Only the text of the records below belongs in the answer, copied exactly, with pictures omitted.
··· Records supplied ···
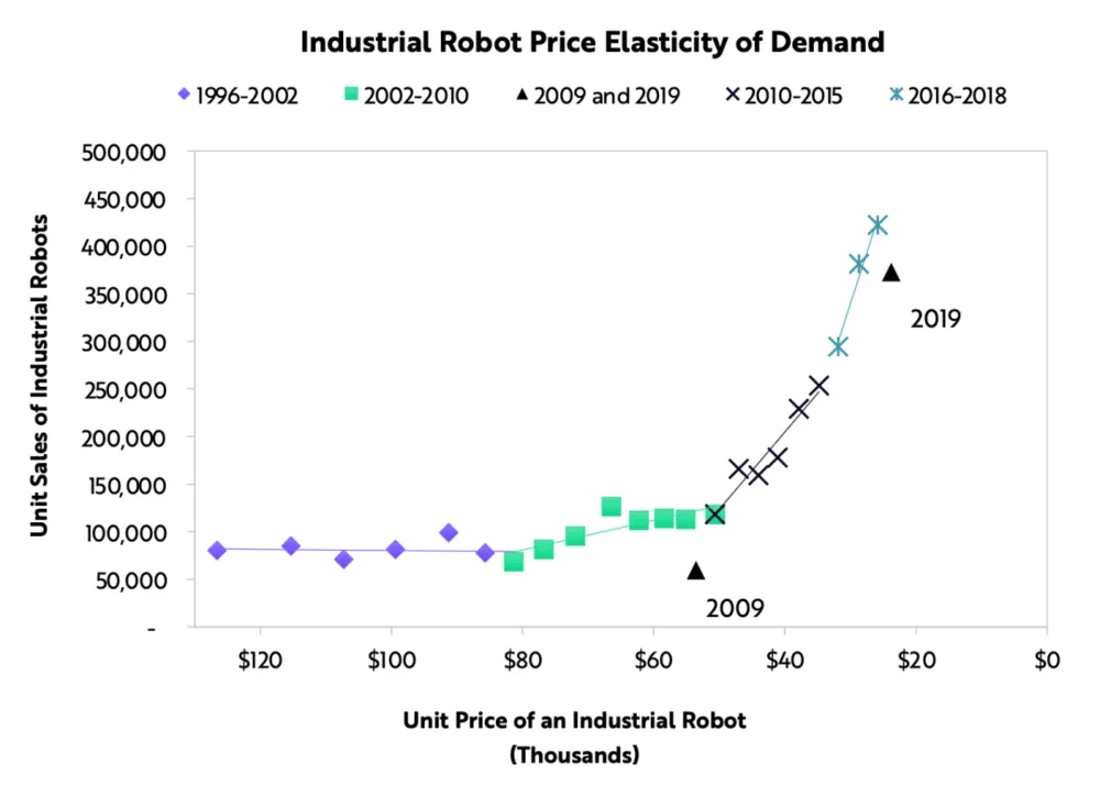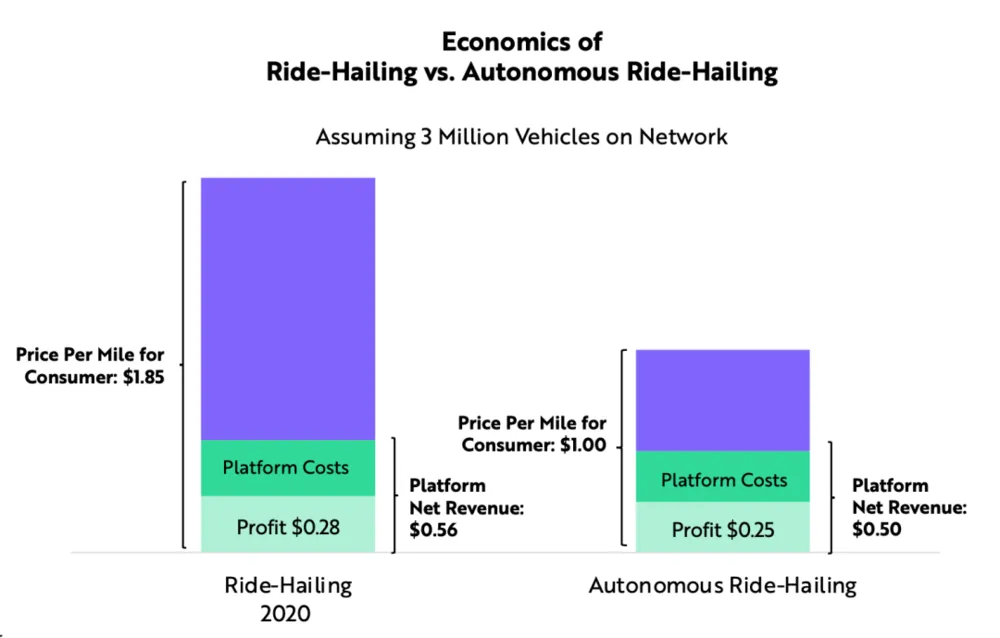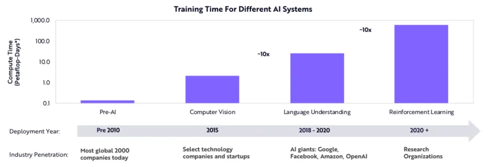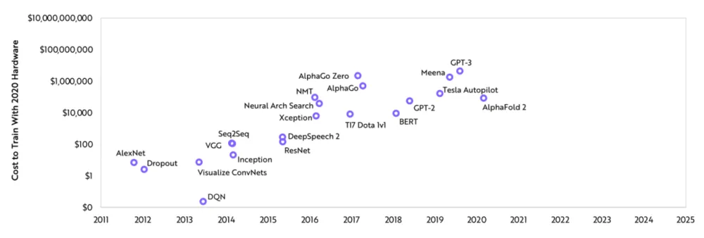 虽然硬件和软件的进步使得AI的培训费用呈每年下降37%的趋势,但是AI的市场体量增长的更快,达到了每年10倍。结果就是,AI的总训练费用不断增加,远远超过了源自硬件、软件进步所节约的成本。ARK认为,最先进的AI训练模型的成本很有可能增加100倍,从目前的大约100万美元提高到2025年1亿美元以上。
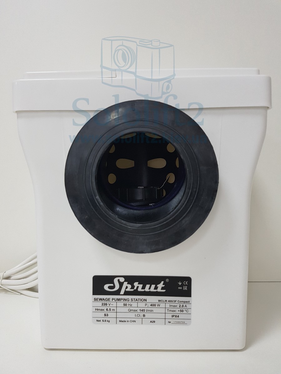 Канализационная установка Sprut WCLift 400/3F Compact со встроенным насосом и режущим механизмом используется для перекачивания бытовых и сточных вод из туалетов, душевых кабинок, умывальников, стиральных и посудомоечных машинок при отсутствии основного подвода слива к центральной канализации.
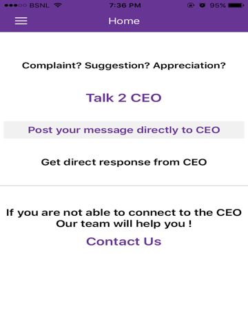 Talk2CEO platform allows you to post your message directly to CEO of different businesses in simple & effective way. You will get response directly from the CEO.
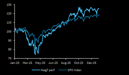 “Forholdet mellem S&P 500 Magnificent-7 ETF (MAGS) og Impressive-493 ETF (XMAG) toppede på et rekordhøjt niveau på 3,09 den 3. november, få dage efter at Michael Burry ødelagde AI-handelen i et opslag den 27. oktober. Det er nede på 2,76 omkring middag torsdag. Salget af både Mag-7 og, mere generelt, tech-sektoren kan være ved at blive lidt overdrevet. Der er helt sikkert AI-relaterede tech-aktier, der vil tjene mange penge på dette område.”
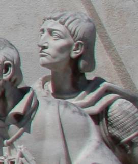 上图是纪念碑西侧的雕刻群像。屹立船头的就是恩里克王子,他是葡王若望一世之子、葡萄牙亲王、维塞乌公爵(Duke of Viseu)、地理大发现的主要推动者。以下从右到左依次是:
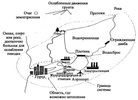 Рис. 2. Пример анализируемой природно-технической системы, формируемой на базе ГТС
···
Output —
 虽然硬件和软件的进步使得AI的培训费用呈每年下降37%的趋势,但是AI的市场体量增长的更快,达到了每年10倍。结果就是,AI的总训练费用不断增加,远远超过了源自硬件、软件进步所节约的成本。ARK认为,最先进的AI训练模型的成本很有可能增加100倍,从目前的大约100万美元提高到2025年1亿美元以上。
 Канализационная установка Sprut WCLift 400/3F Compact со встроенным насосом и режущим механизмом используется для перекачивания бытовых и сточных вод из туалетов, душевых кабинок, умывальников, стиральных и посудомоечных машинок при отсутствии основного подвода слива к центральной канализации.
 Talk2CEO platform allows you to post your message directly to CEO of different businesses in simple & effective way. You will get response directly from the CEO.
 “Forholdet mellem S&P 500 Magnificent-7 ETF (MAGS) og Impressive-493 ETF (XMAG) toppede på et rekordhøjt niveau på 3,09 den 3. november, få dage efter at Michael Burry ødelagde AI-handelen i et opslag den 27. oktober. Det er nede på 2,76 omkring middag torsdag. Salget af både Mag-7 og, mere generelt, tech-sektoren kan være ved at blive lidt overdrevet. Der er helt sikkert AI-relaterede tech-aktier, der vil tjene mange penge på dette område.”
 上图是纪念碑西侧的雕刻群像。屹立船头的就是恩里克王子,他是葡王若望一世之子、葡萄牙亲王、维塞乌公爵(Duke of Viseu)、地理大发现的主要推动者。以下从右到左依次是:
 Рис. 2. Пример анализируемой природно-технической системы, формируемой на базе ГТС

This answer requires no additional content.